ABORREZCO de la forma y sentido que han adoptado algunos de los llamados blogs, o espacios de comunicación abierta en Internet. Sin embargo creo que un análisis meditado y frío convierte tal fenómeno en un enorme desafío y también en una excelente oportunidad para la prensa y los medios de comunicación. Un escritor amigo me asegura haberse dado cuenta de la cantidad de tiempo que perdía visitando algunos blogs, posiblemente inducido por el hecho de que hablaban de él. Pero hastiado al mismo tiempo de estar en boca de gentes que al hablar de sus libros podían hacerlo ¡sin haberlos leído! Ese amigo protestaba por el hecho de que esa circunstancia se diera. Uno, me decía, está tres años trabajando en una obra y alguien que la desconoce y comienza diciendo que no la ha leído, opina sobre ella con la mayor impunidad. Ese hecho se da, pude comprobarlo en una polémica ya antigua sobre crítica literaria, que trajo a la palestra la oportunidad de actuar en el foro a gentes que ni sabían, ni conocían, ni siquiera leían, sólo opinaban, porque el medio está para eso, para opinar, independientemente de su contenido y responsabilidad.

Creo que se está cumpliendo en la forma que han adoptado los blogs que conozco, la prevalencia perversa de la opinión sobre el juicio. A la gente le basta con lo primero, olvidando que una opinión sin juicio, sin discurso, debería ser rechazada. Pero, pese a mi incomodo por la forma en que se desarrollan esos foros me resisto a adoptar la mirada puramente crítica de sus aspectos negativos. También los hay positivos. Enunciaré algunos. El primero me parece a mí que tiene que ver con el propio canal: muchos de los blogs han nacido o viven al abrigo de los medios de comunicacion, especialmente de los periódicos diarios, y servirán para revitalizar la forma misma en que se da tal comunicación, hasta ahora unidireccional…

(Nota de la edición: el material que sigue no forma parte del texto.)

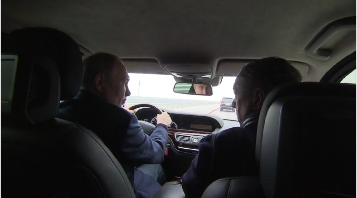 普京驾车驶过经修复后的大桥桥面 图自RT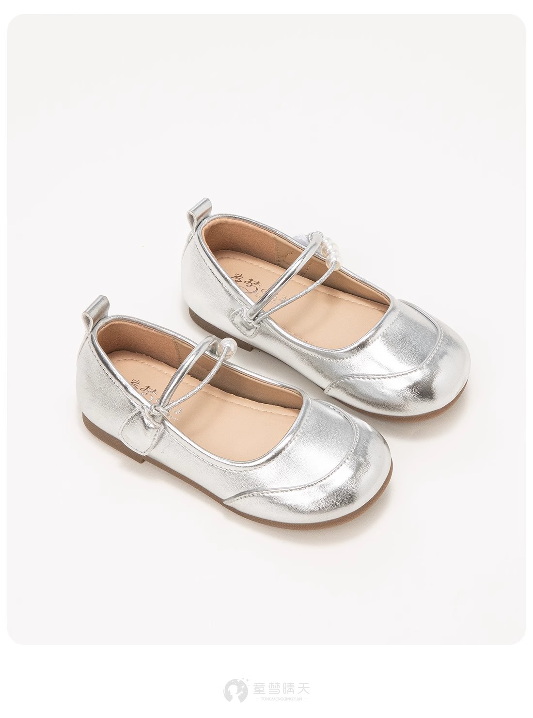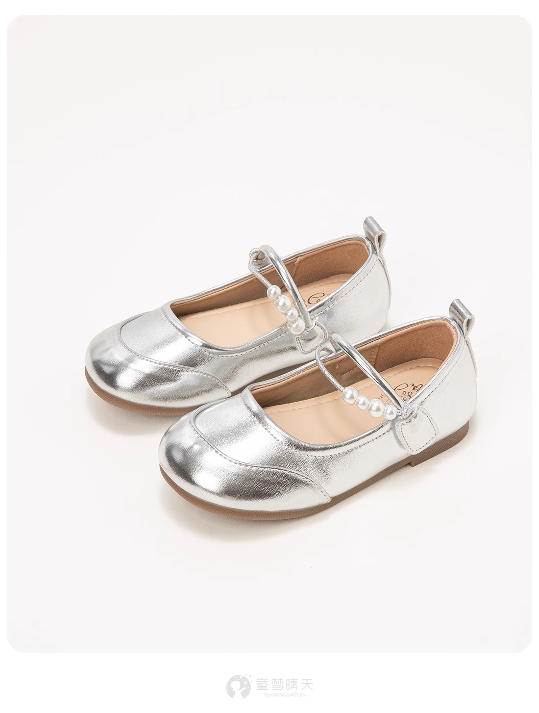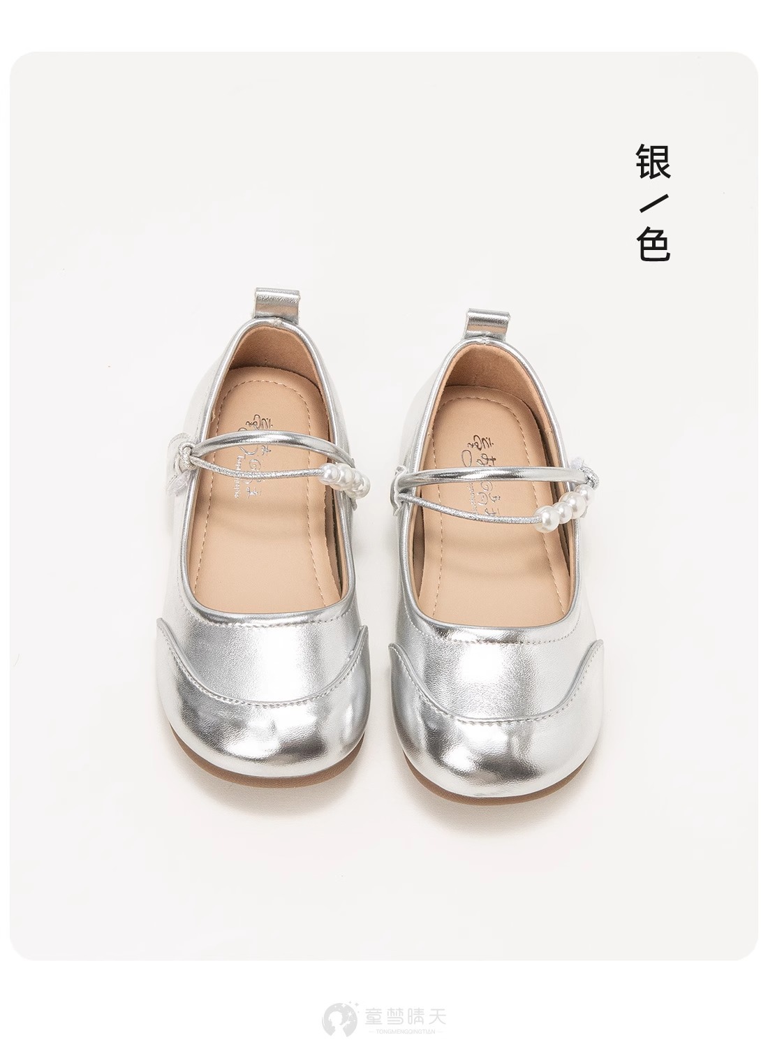 소녀 작은 가죽 신발 2025 여름 새로운 어린이 공주 신발 소프트 단독 소녀 실버 신발 여성 보물 신발 봄과 여름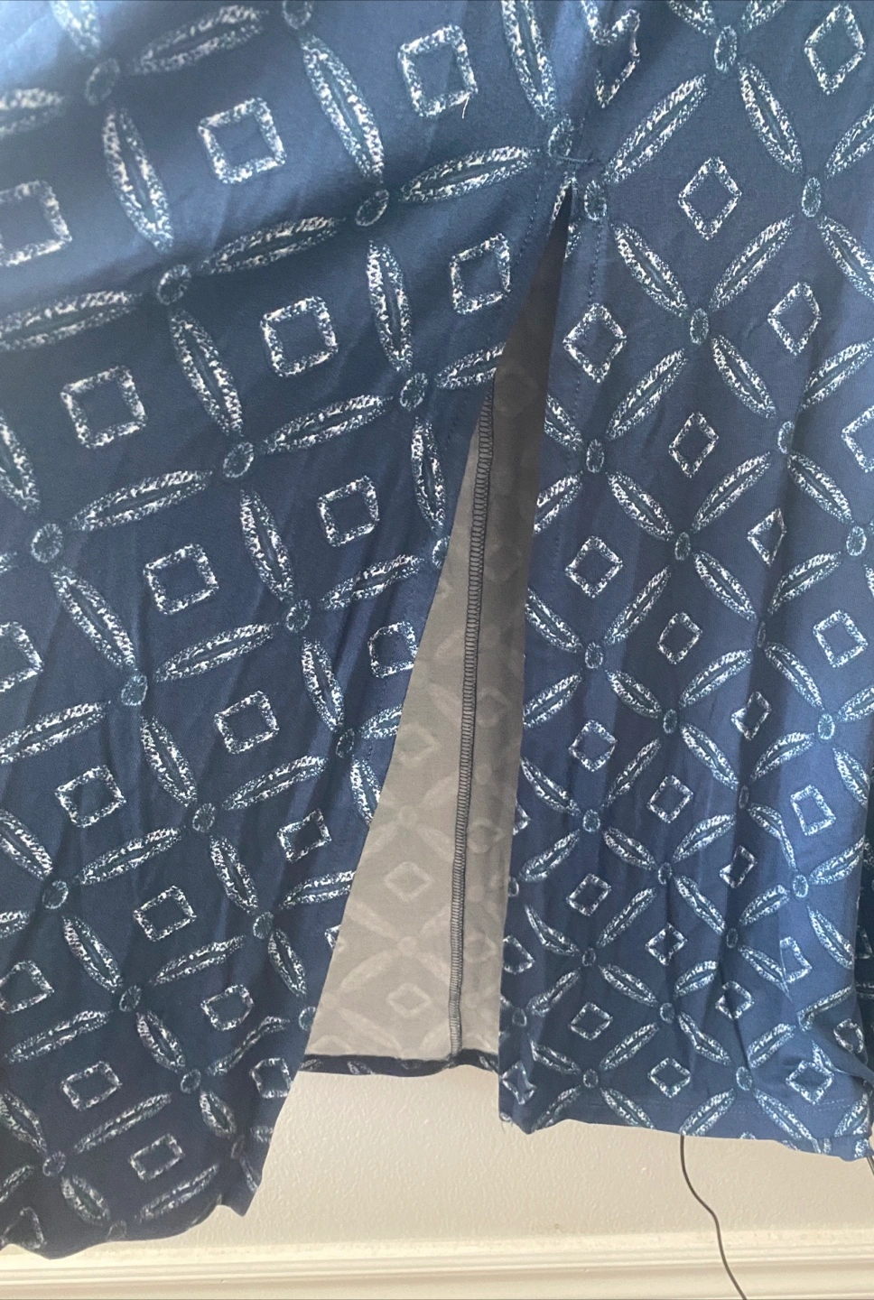 A lovely blue patterned tunic from Joe Fresh! It's a size small and in great condition. Perfect for a casual day out or dressed up for an evening occasion

…Para ello habría que empezar intentando corregir y denunciando algunas de las prácticas más usuales, que resultan inaceptables. Por ejemplo su vulnerabilidad, nacida de la débil resistencia que pueden oponer a que un grupo de amiguetes pueda actuar de mamporreros, ocupando para sí el espacio del periódico o del blog y terminando por bloquearlo a fuerza de su sobredimensión. Quizá, y ya está ocurriendo con alguno de los que conozco, el bloqueo sistemático al que lo someten un grupito de usuarios adictos, que establecen en tal blog conocido, y por tanto visible, su tertulia particular, acumulando sandeces, ocurrencias, falsas agudezas, o estupideces sin número, pueda servir de una reflexión importante: no creo que pueda sostenerse mucho tiempo la práctica del anonimato que permite a una serie de gentes asomarse a un blog con tal grado de impunidad, agazapados en su pseudónimo. Hay otro fenómeno que convendría legislar: el uso de la firma de otro. Cualquiera puede firmar con tu nombre, suplantando tu identidad, bajo las frases más inanes, o los pensamientos más contrarios a los que tú mismo habrías emitido…

Interesantes reflexiones del autor sobre el fenómeno blog.

Considero que la solución a los problemas – existentes y ciertos – que plantea no puede pasar por una “regulación” o un mayor control del medio por el estado. Deberíamos ser los propios bloggers quienes llevásemos la iniciativa a la hora de proponer medidas que impidan el abuso que algunos hacen de la blogosfera. No existen las solucions fáciles, creo. Cómo evitar, por ejemplo, la usurpación de identidad?